● DATA TO USE:
= = = = =
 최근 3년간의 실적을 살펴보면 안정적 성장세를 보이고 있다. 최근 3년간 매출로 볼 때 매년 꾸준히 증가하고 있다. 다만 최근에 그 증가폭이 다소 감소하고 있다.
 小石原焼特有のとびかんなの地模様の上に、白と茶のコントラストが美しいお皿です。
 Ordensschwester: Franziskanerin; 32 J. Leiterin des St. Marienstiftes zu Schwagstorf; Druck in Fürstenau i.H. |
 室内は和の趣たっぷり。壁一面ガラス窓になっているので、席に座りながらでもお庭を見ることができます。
= = = = =
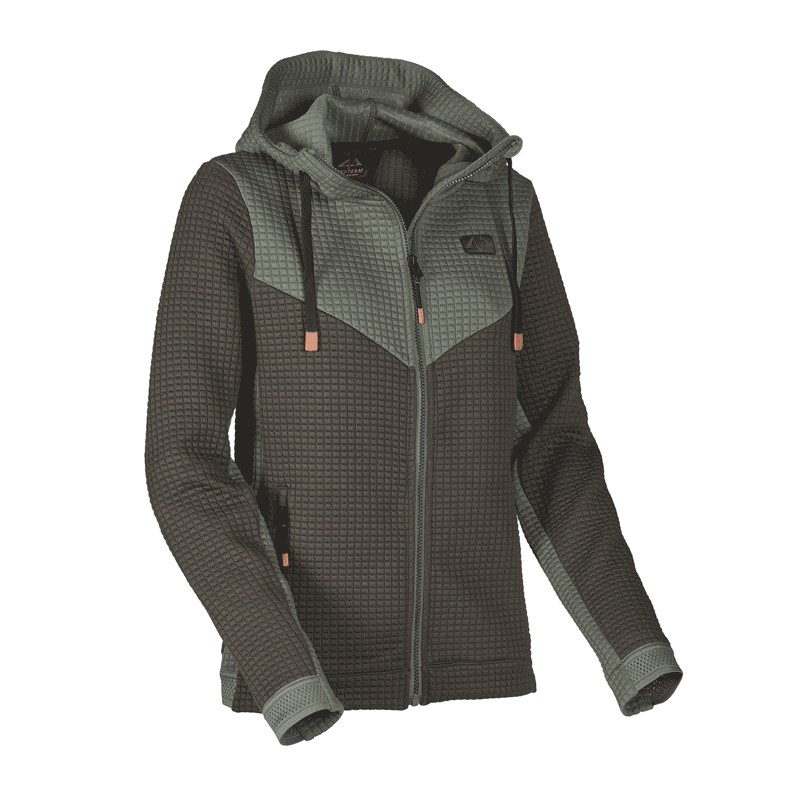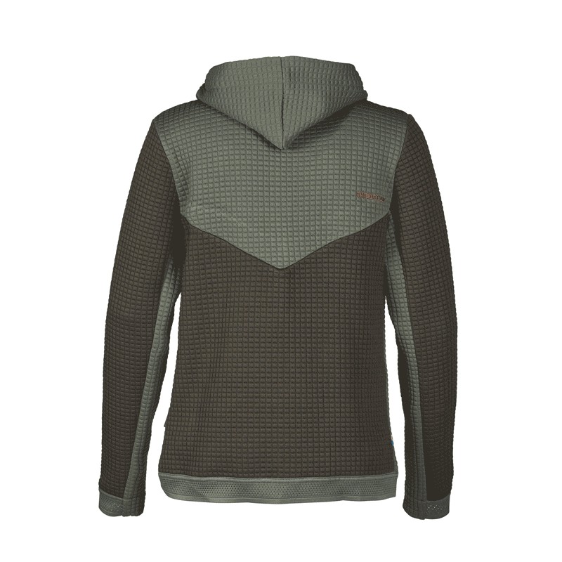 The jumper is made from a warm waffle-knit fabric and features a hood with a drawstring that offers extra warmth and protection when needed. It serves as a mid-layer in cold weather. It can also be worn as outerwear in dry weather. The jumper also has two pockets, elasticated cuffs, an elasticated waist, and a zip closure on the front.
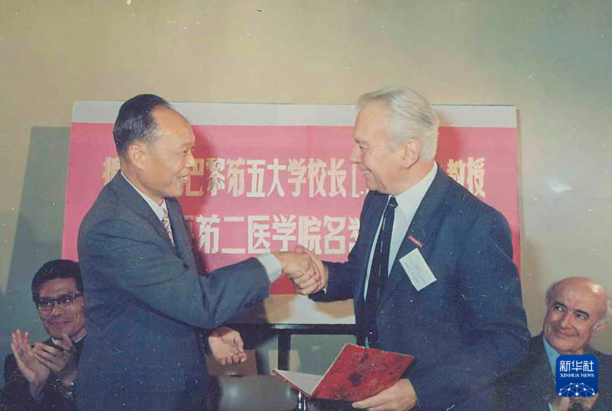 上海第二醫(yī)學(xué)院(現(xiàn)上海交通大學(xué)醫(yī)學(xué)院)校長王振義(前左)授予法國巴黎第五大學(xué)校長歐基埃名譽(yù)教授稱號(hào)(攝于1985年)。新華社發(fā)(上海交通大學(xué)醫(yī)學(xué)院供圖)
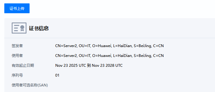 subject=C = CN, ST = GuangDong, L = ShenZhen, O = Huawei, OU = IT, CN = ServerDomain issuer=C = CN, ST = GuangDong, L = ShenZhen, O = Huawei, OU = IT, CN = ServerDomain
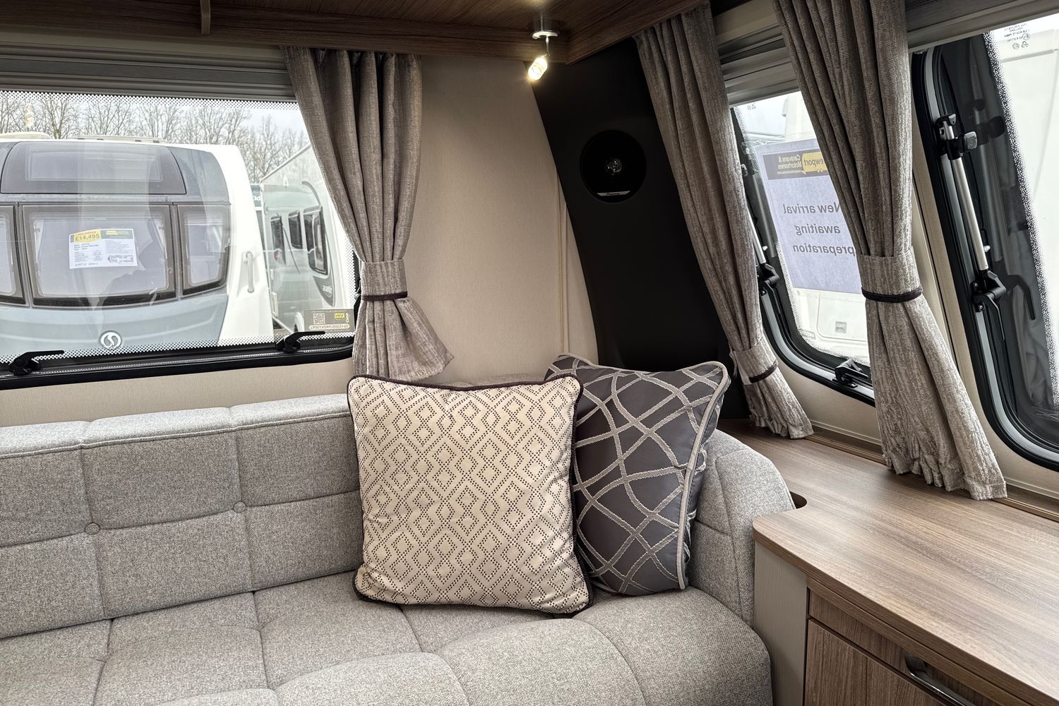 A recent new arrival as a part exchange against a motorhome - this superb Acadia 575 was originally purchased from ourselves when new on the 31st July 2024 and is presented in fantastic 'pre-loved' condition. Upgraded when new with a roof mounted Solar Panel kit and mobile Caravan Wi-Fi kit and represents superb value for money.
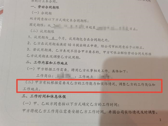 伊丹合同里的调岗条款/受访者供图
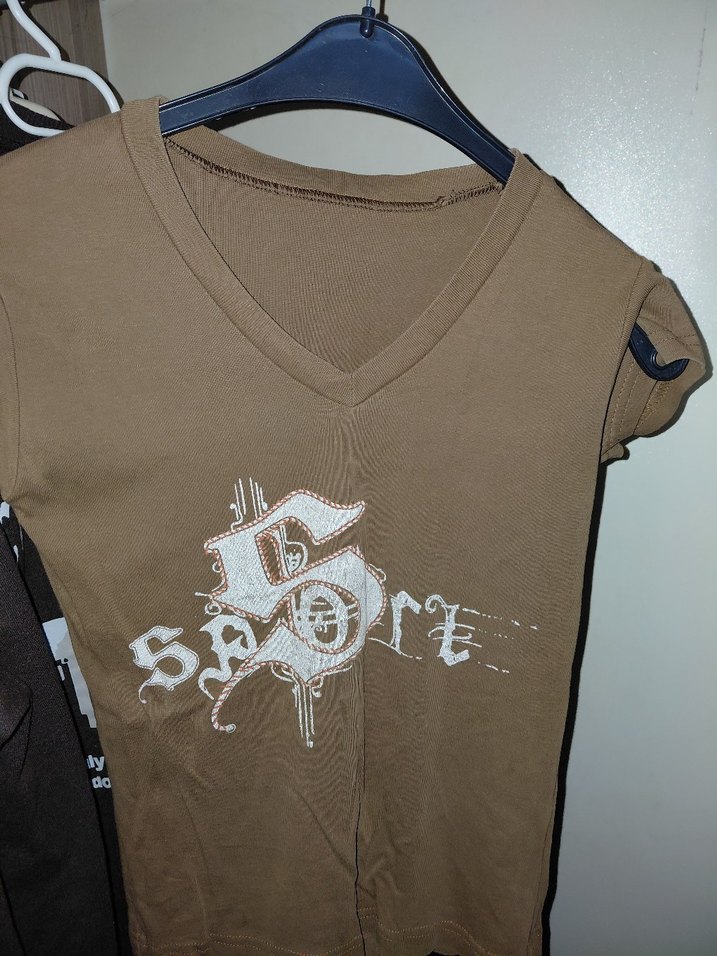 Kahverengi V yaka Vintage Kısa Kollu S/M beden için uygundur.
= = = = =
Each line in the listing above from the one containing "최근 3년간의 실적을" through the one containing "室内は和の趣たっぷり。壁一面" should be repeated exactly, and no other line.

● THE COMPLETED TASK:
 최근 3년간의 실적을 살펴보면 안정적 성장세를 보이고 있다. 최근 3년간 매출로 볼 때 매년 꾸준히 증가하고 있다. 다만 최근에 그 증가폭이 다소 감소하고 있다.
 小石原焼特有のとびかんなの地模様の上に、白と茶のコントラストが美しいお皿です。
 Ordensschwester: Franziskanerin; 32 J. Leiterin des St. Marienstiftes zu Schwagstorf; Druck in Fürstenau i.H. |
 室内は和の趣たっぷり。壁一面ガラス窓になっているので、席に座りながらでもお庭を見ることができます。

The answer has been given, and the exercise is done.